On June 14, 2002, at the direction of the Board of Directors of the Company,
acting upon the recommendation of the Audit Committee, the Company dismissed
Arthur Anderson LLP ("Arthur Andersen") as its independent auditors, effective
immediately, and engaged PricewaterhouseCoopers LLP ("PwC") to serve as its
independent auditors for the fiscal year ending December 31, 2002. For
additional information, see the Company's Current Report on Form 8-K filed with
the SEC on June 18, 2002. The Company has been unable to obtain Arthur
Andersen's written consent to the incorporation by reference into the
Registration Statements of Arthur Andersen's audit report with respect to the
Company's consolidated financial statements as of December 31, 2001, and
December 31, 2000, and for the fiscal years then ended. Under these
circumstances, Rule 437a under the Securities Act permits the Company to file
this Annual Report on Form 10-K without a written consent from Arthur Andersen.
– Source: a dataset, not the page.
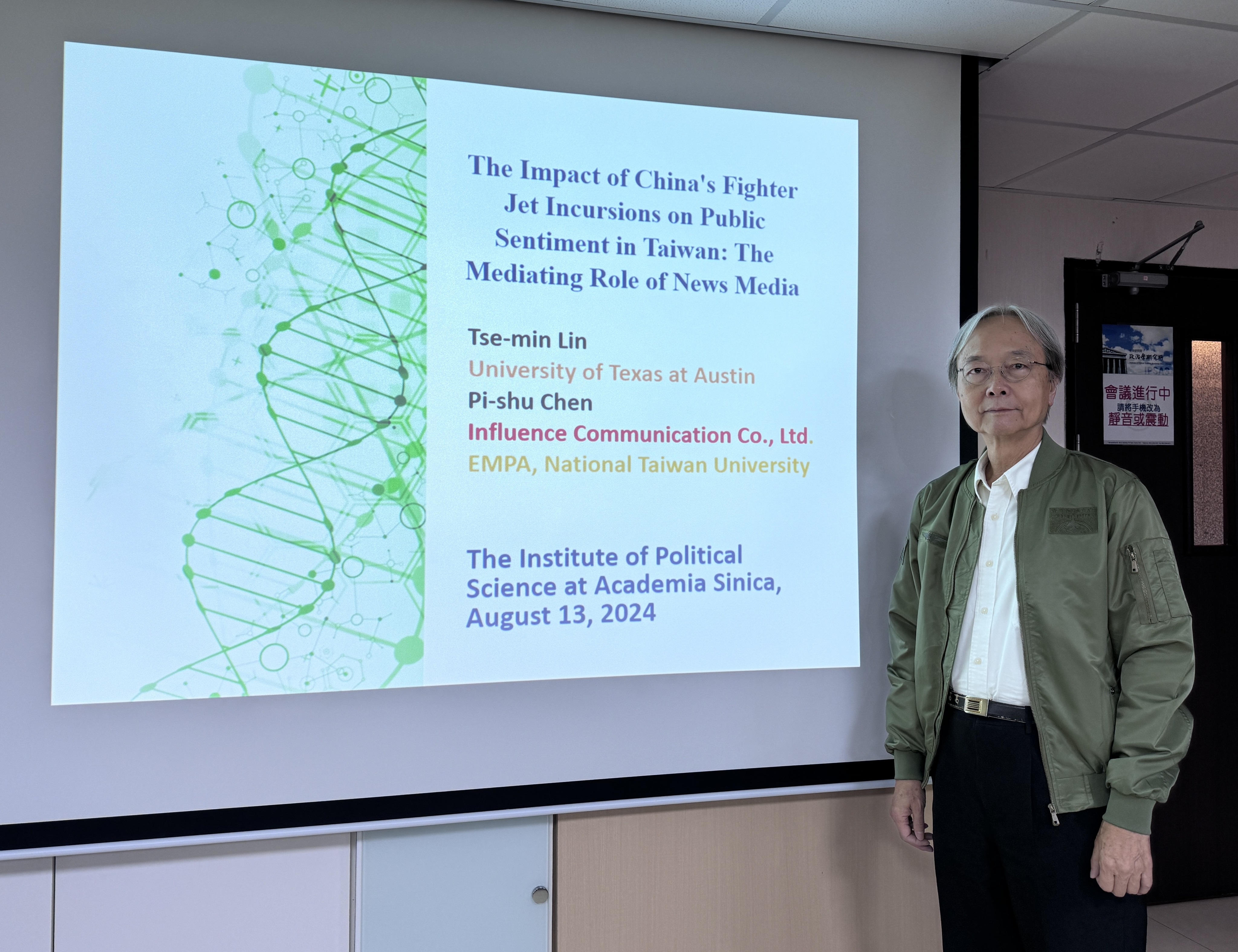 TAIPEI, TAIWAN, August 15, 2024 /EINPresswire.com/ -- On August 13, 2024, at 2:00 PM, the Institute of Political Science at Academia Sinica hosted an academic lecture titled “The Impact of China's Fighter Jet Incursions on Public Sentiment in Taiwan: The Mediating Role of News Media.” The keynote speakers are Professor Tse-min Lin from the Department of Government at the University of Texas at Austin and Ms. Pi-shu Chen, Managing Director of Influence Communication Co. Ltd. This talk will delve into the background, motives, and extensive impact of China's ongoing airspace harassment of Taiwan.Since 2016, China has been sending military aircraft into Taiwan’s Air Defense Identification Zone (ADIZ) regularly, with a notable increase in frequency after U.S. House Speaker Nancy Pelosi's visit in August 2022. In 2023, the number of incursions reached a new peak, with up to 103 aircraft involved in a single day. Professor Lin points out that these high-frequency incursions not only entail significant military expenditure but also result in substantial sunk costs and audience costs, which exert considerable pressure on the Chinese government.

As a result, however, Arthur Andersen will not have any liability under Section
11(a) of the Securities Act for any untrue statements of a material fact
contained in the financial statements audited by Arthur Andersen or any
omissions of a material fact required to be stated therein. Accordingly, you
would be unable to assert a claim against Arthur Andersen under Section 11(a) of
the Securities Act for any purchases of the Company's securities pursuant to the
Registration Statements made on or after the date of this Annual Report on Form
10-K. To the extent provided in Section 11(b)(3)(C) of the Securities Act,
however, other persons who are liable under Section 11(a) of the Securities Act,
including the Company's officers and directors, may still rely on Arthur
Andersen's original audit reports as being made by an expert for purposes of
establishing a due diligence defense under Section 11(b) of the Securities Act.